Pumpkin Smashings Reveal Hamptons Police Plan for Inaction
In the wake of a rash of pumpkin smashings across the South Fork over the last few weeks, concerned residents, including many whose own pumpkins had been smashed in the pre-Halloween mischief, are confronting the Hamptons Police over perceived inaction on the part of their officers.
At a police-hosted talkback session on Thursday, Janet Kurbis, an East Hampton homeowner, claimed that she had contacted the department when she found the pumpkins from her curbside Halloween display mutilated on her driveway and received a chilly response.
“The officer wanted to know why I was leaving pumpkins by the side of the road!” explained an outraged Kurbis to the talkback committee. “The officer said to me that if I insisted on leaving my pumpkins unprotected in a semi-public place, then I should expect them to get smashed. Then she hung up the phone! I was totally astonished.”

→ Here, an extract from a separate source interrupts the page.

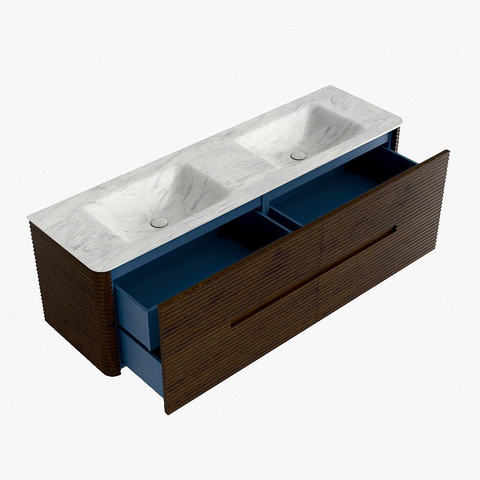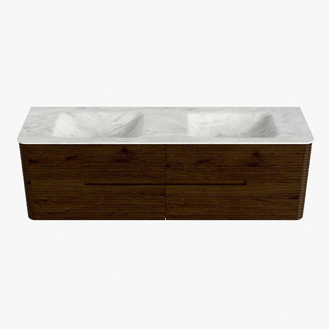 Mondiaz CIRO-DLUX Ensemble de meubles de salle de bains - 160x45x50cm - Plan-vasque solid surface Opalo - 2 vasques double - sans trous de robinet - 4 tiroirs - Noyer

Hamptons Police spokesman Larry Hirsch, who was presiding over the talkback, took the opportunity presented by Kurbis’s complaint to detail the Hamptons Police new, experimental crime fighting policies.
“Our strategy in dealing with the pumpkin smashing was a kind of a trial run for what we see as a new technique,” Hirsch explained. “For too long, people have been overly reliant upon the police to respond to wrongdoing. What this has meant is that people go about their day-to-day business in a completely unprotected manner, feeling that the police will come to their rescue if anything should happen. This has meant an incredible expending of resources—time, energy, money, training—on our part when a lot of what we do is dealing with problems that could easily have been prevented.”
According to Hirsch, the police inaction on pumpkin smashing was just a preview of a future of inaction on multiple fronts.
“We’re calling it Operation Kickback,” said Hirsch. The object, according to literature distributed at the talkback, is to train the public to take responsibility for avoiding crime. “It’s pretty simple, really. Just as you wouldn’t be wise to venture down a dark alley in a dangerous part of town, so you wouldn’t be smart to leave your car unlocked. This will train people to be smarter about avoiding crime.”
Operation Kickback takes the idea of crime prevention one step further than similar programs by removing the police from the equation. “From now on, if your car gets stolen, that’s on you. There’s a lot of ways to avoid that happening, after all.”
Participants in the talkback accused the Hamptons Police of adopting a “blame the victim” mentality, but Hirsch scoffed at the notion. “Smart people don’t become victims,” he said, and brought the session to a close.